[Opening Listed records section]

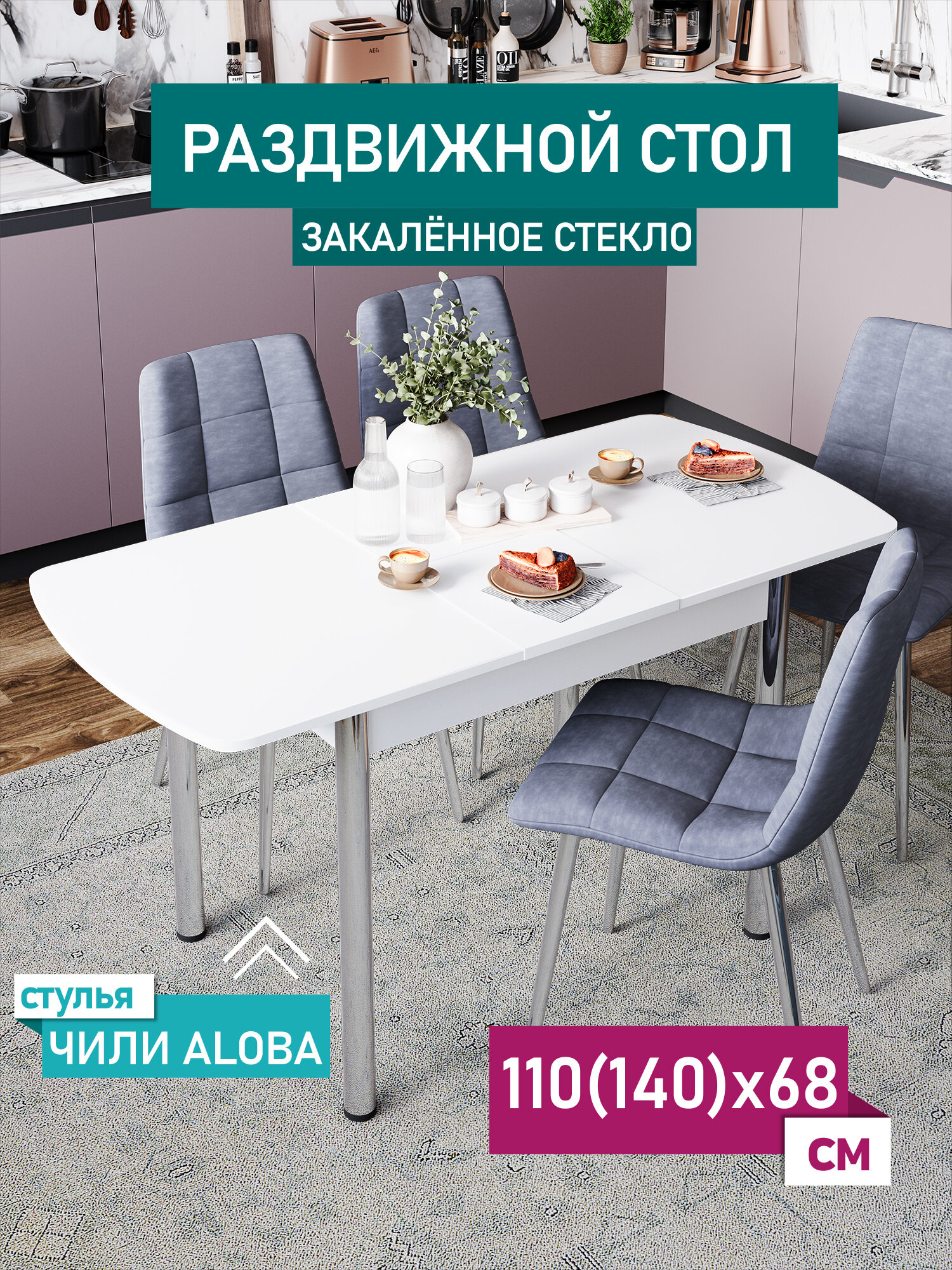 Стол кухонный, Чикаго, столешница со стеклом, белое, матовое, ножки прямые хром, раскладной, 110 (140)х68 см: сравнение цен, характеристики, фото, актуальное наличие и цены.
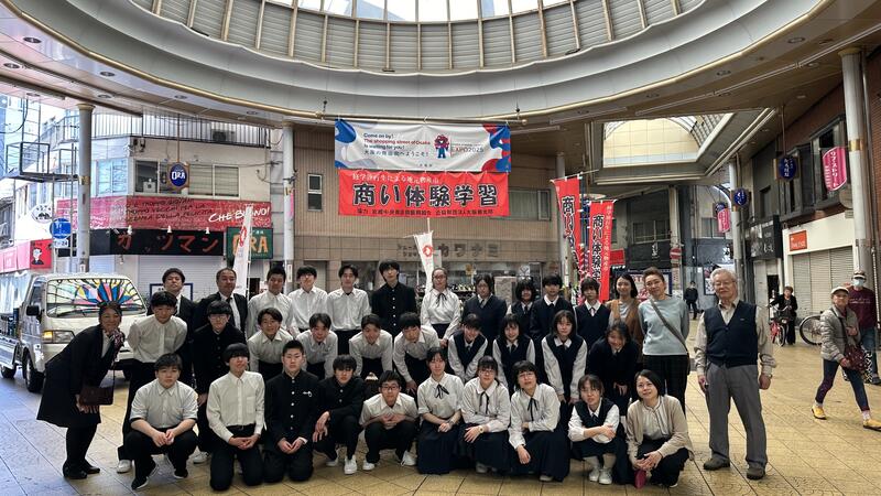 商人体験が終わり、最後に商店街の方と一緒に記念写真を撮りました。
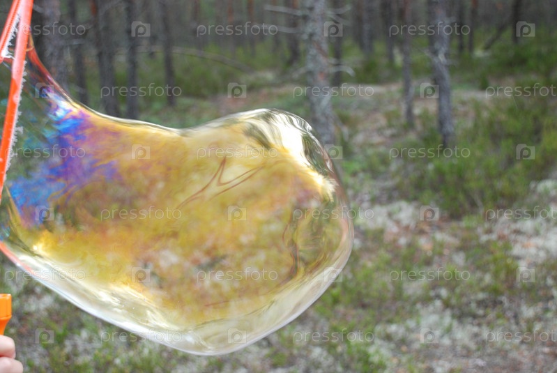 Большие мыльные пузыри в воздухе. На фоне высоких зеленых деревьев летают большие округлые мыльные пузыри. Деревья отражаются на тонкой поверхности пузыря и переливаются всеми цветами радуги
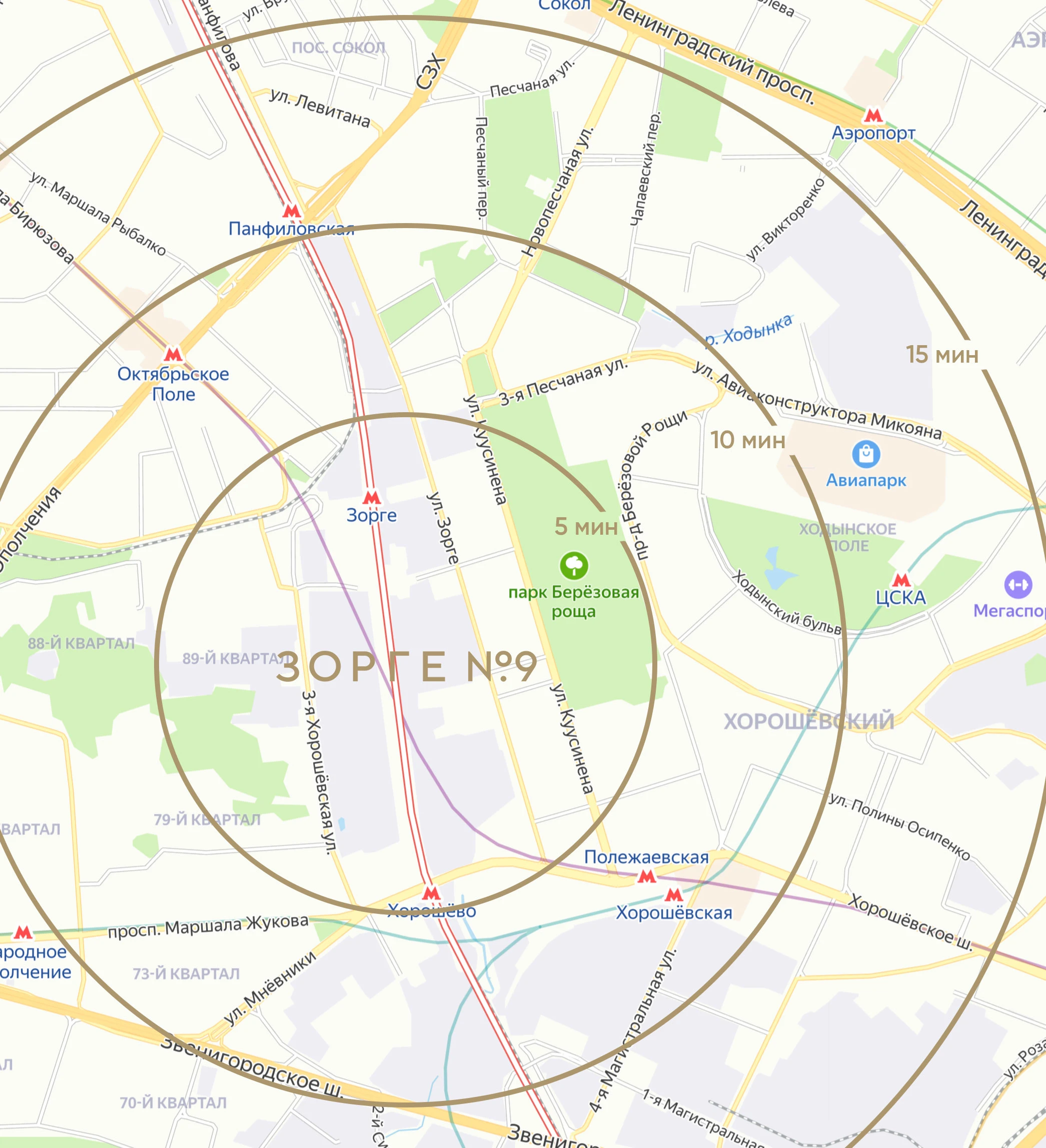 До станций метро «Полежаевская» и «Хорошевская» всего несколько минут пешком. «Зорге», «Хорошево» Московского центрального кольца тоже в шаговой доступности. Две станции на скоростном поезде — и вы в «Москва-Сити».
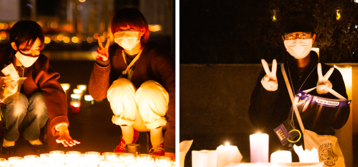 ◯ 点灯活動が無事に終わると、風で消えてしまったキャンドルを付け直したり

[Closing Listed records section]

## Work request
A faithful copy of every entry is needed, omitting each image.

## Exercise response
 Стол кухонный, Чикаго, столешница со стеклом, белое, матовое, ножки прямые хром, раскладной, 110 (140)х68 см: сравнение цен, характеристики, фото, актуальное наличие и цены.
 商人体験が終わり、最後に商店街の方と一緒に記念写真を撮りました。
 Большие мыльные пузыри в воздухе. На фоне высоких зеленых деревьев летают большие округлые мыльные пузыри. Деревья отражаются на тонкой поверхности пузыря и переливаются всеми цветами радуги
 До станций метро «Полежаевская» и «Хорошевская» всего несколько минут пешком. «Зорге», «Хорошево» Московского центрального кольца тоже в шаговой доступности. Две станции на скоростном поезде — и вы в «Москва-Сити».
 ◯ 点灯活動が無事に終わると、風で消えてしまったキャンドルを付け直したり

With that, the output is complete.